▸ **Problem details**
In the data below, locate the line containing "from the board." and the line containing "翻炒五分钟后加入土豆块,然后", then retype both and everything between them exactly. Pictures are not part of the copy.

▸ **Records provided**
- Opening Delimiter -
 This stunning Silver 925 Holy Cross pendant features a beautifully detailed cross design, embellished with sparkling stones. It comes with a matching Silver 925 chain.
- Closing Delimiter -
- Opening Delimiter -
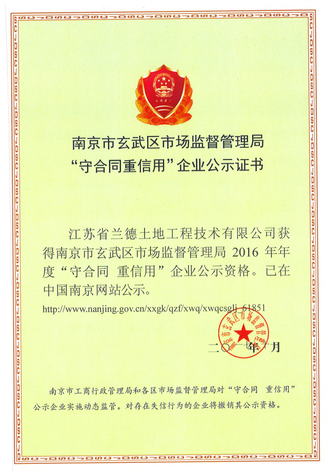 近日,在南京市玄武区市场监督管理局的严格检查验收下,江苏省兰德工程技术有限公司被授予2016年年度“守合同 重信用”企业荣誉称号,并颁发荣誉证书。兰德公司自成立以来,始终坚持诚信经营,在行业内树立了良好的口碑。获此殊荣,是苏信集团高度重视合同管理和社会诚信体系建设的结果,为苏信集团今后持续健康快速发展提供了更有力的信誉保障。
- Closing Delimiter -
- Opening Delimiter -
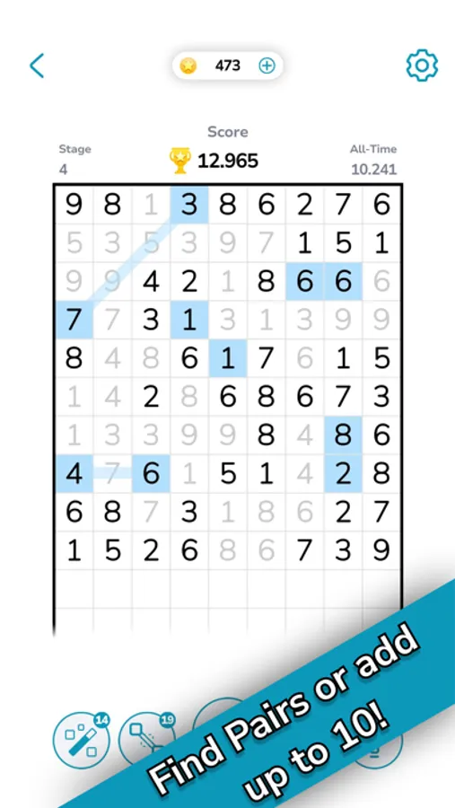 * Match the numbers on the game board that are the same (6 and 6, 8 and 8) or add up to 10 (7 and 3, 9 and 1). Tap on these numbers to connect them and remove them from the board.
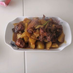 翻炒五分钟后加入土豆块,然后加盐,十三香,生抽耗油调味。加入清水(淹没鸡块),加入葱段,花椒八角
- Closing Delimiter -
▸ **Response**
 * Match the numbers on the game board that are the same (6 and 6, 8 and 8) or add up to 10 (7 and 3, 9 and 1). Tap on these numbers to connect them and remove them from the board.
 翻炒五分钟后加入土豆块,然后加盐,十三香,生抽耗油调味。加入清水(淹没鸡块),加入葱段,花椒八角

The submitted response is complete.